6. How reliable is perfect communication support for this measure? Even if the communication support is 100% perfect (and this is in truth only available in our imagination) then it is important that each item of each test be discussed in advance with the interpreters. (There is no such thing as a perfect translation. There can be a best translation but that is hard to find and is only a “working-best” until a better one is noted in the future.) However, even supposing perfect interpretation, the assessor must be fully aware of the nature of the signed administration in order that the psychometric equivalence of the standard and the signed administration of that item can be judged. For example, the Similarities subtest of the WAIS-III contains the question, in English, “In what way are a coat and a suit alike?” It is fairly easy to translate this into a British Sign Language equivalent with little debate. However the nature of the most common signs for coat and suit make it self-evident that both are articles of clothing – a response which receives maximum points. Conversely the signs ‘rhyme’ in terms of both being bimanual and symmetrical, sharing the same location in space, employing very similar movements, and handshapes differing only in terms of thumb position. It could be argued that these phonological similarities are unreasonably misleading and/or that they imply alternative false answers (the location of both signs is commonly used for emotions) in a way that the spoken English items do not.

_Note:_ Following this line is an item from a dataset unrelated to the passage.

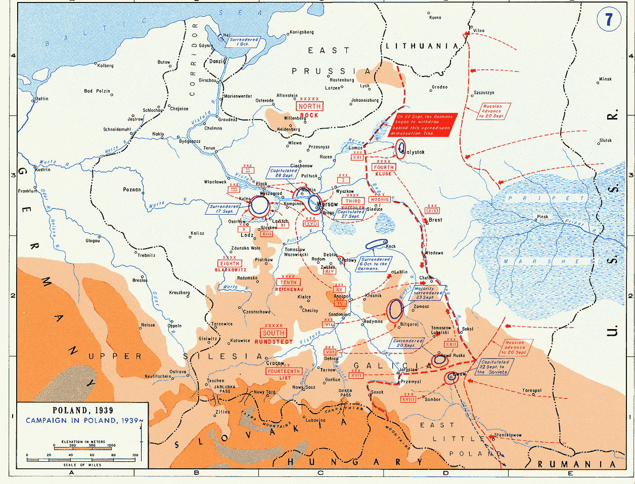 Polish Campaign - Operations - September 14 and afterwards. This map does not include Slovak Army activity in the South of Poland.

These concerns all contribute unknown amounts of error to the estimated level of whatever psychological construct is under scrutiny (such as intellectual function). In addition the ways in which these concerns may be addressed (that is by departing from standard administration in a variety of ways) also contribute error to the estimate. The magnitude of this error and the overall direction of it are both unknowns and lower the reliability of the obtained results.
The validity of obtained results remains in question when the normative sample is exclusively hearing.
Generally, examiners should be advised to:
• Assess the deaf person with support from qualified British Sign Language Interpreters.
• Discuss each item of each test in advance with the interpreters, and afterwards such that any instances of note may be raised and accommodated in the interpretation of the results.
• Consider which, if any, tests to use in the light of points one to four above.
• Interpret results with extreme caution in the light of points one to six above.
• Make each of these shortcomings explicit in the report such that future readers will not jump to erroneous conclusions.
• And generally to assume that obtained results reflect a hypothetical minimum value, and never imply a ceiling to the individual’s ability or potential.